Over the years I have found that some of my lessons help me more than the rider that I am giving the lesson. Because, during lessons I am asked questions about things that I sometimes have not thought about in some time. This causes me to go back and re-live situations and horses from the past. Whether they taught me something that I may want to use again or something that I may not want to repeat.

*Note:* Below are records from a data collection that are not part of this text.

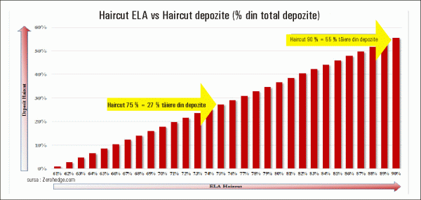 În acest moment, este necesară o tăiere a depozitelor, arată site-ul de analiză financiară. Potrivit zerohedge, o tăiere de 75% a garanţiilor implică un bail-in de 33 miliarde euro (37%), în timp ce creşterea haircut-ului la 90% implică o lovitură de 67 miliarde euro (55% în depozite). Acest scenariu din urmă seamănă izbitor cu ceea ce s-a întâmplat în Cipru şi nu este atât de surprinzător întrucât, dacă aşa cum a zis Jeroen Dijsselbloem, preşedintele Eurogrupului, Cipru este un model (template), atunci următorul pas după controlul de capital este bail-in-ul", potrivit sursei citate.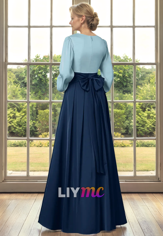 V-Neck Long Sleeves Chiffon Pleated A-Line Mother of Bride Dress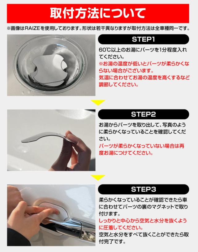 よくある粘着式ではなく当店オリジナルのマグネット装着タイプなのでお湯で柔らかくして貼り付けるだけで簡単!

I was asked the other day during a lesson why I was in the wrong lead. I responded with, “One mans wrong lead is another man’s counter canter” . By this I mean that often times in order for a trainer or rider to take his horse to the next level, you sometimes have to think outside of the box.
Let’s take for example you have a problem with your horse leaning or dropping a shoulder when loping in a circle. Sometimes you will hear someone say that you need to use your inside leg pressure to push the horse’s shoulder up and lift up with the inside rein. This works most of the time but, soon becomes something that you are constantly riding around doing because it seems now that the horse continually does this and the problem is compounded.
Another way to think or work on this problem is rather than work on his shoulder, fix the way the horse lopes. Meaning that he will not lean if he is loping straight with his rear end underneath him. The deeper and stronger you have a horse driving from the rear end the more that he is forced to level his shoulders and lift both to lope collected and straight.
Yet another way to attack this problem is to counter arc and counter lope the horse. If you are having problems with a horse that drops his left shoulder when loping to the left, then try to lope him to the right in a left lead with his head to the left. This will force him to pick up his left shoulder without using as much leg. It also requires him to keep his shoulder elevated continuously, and does not allow him to revert back to dropping it. Something to remember when doing this is that if your horse has not been asked to use his body in this way before, you as a rider need to be a little patient in allowing your horse the chance to get the hang of it. I have also found that doing this will help you with your guide to the approach to a lead change.
The key thing to remember is that in order for your horse to be proficient in a particular maneuver he must be able to effectively do all maneuvers.